BEGIN Source data

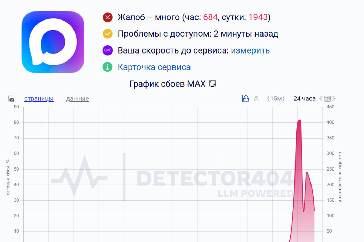 Согласно данным сайта «Downdetector», сбой в работе был зафиксирован около 14:00 часов по местному времени. Спустя почти час жалоб стало в разы меньше. В то же время пользователи в пабликах сообщают, что неполадки в работе МАХа фиксировались не только в Алтайском крае, но и в других регионах.
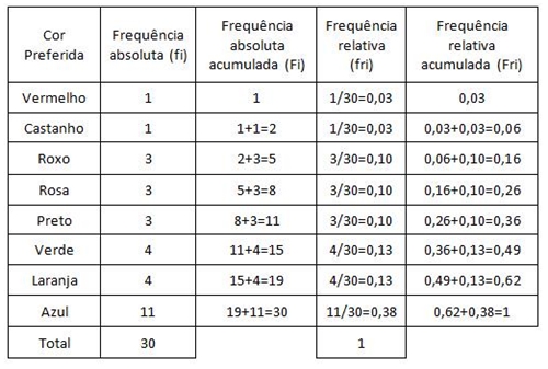 Interpretação dos dados estatísticos: . A população dos dados estatísticos é a população portuguesa de Lisboa. . A amostra é as trinta pessoas a quem perguntamos a respectiva por favorita. . A unidade estatística é cada pessoa a quem fizemos o estudo estatístico. . A variável estatística é qualitativa. Tabela de frequências:
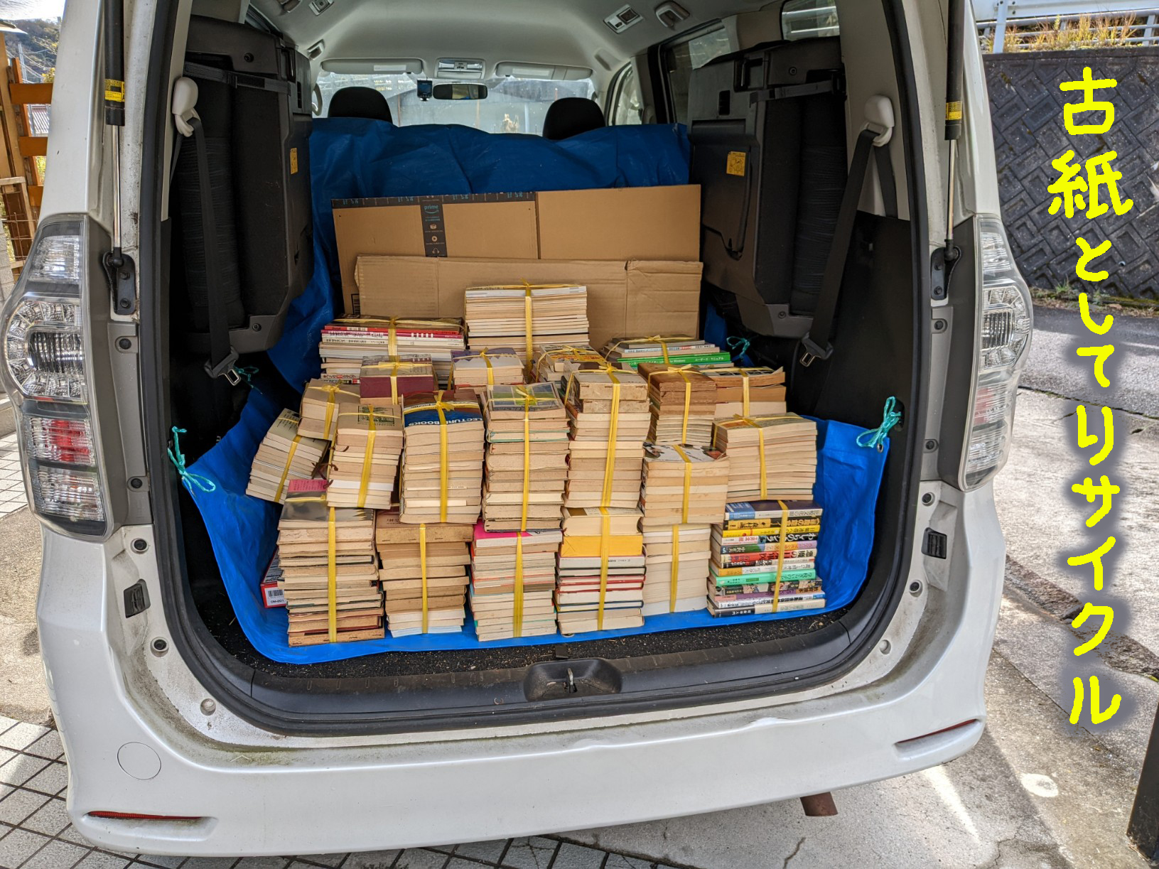 書庫の片付けⅡ。久留米のつなぐ書店へ寄贈したいけどISBNがない本は扱わないそうで,一冊ずつISBNをチェックして分別し,寄贈する本は段ボール箱へ詰め,ISBNなしの本はヒモで縛って芸北きれいセンターへ。

END Source data

▶ _Exercise directions_
Transcribe all the data word for word; the images stay out.

▶ _Exercise response_
 Согласно данным сайта «Downdetector», сбой в работе был зафиксирован около 14:00 часов по местному времени. Спустя почти час жалоб стало в разы меньше. В то же время пользователи в пабликах сообщают, что неполадки в работе МАХа фиксировались не только в Алтайском крае, но и в других регионах.
 Interpretação dos dados estatísticos: . A população dos dados estatísticos é a população portuguesa de Lisboa. . A amostra é as trinta pessoas a quem perguntamos a respectiva por favorita. . A unidade estatística é cada pessoa a quem fizemos o estudo estatístico. . A variável estatística é qualitativa. Tabela de frequências:
 書庫の片付けⅡ。久留米のつなぐ書店へ寄贈したいけどISBNがない本は扱わないそうで,一冊ずつISBNをチェックして分別し,寄贈する本は段ボール箱へ詰め,ISBNなしの本はヒモで縛って芸北きれいセンターへ。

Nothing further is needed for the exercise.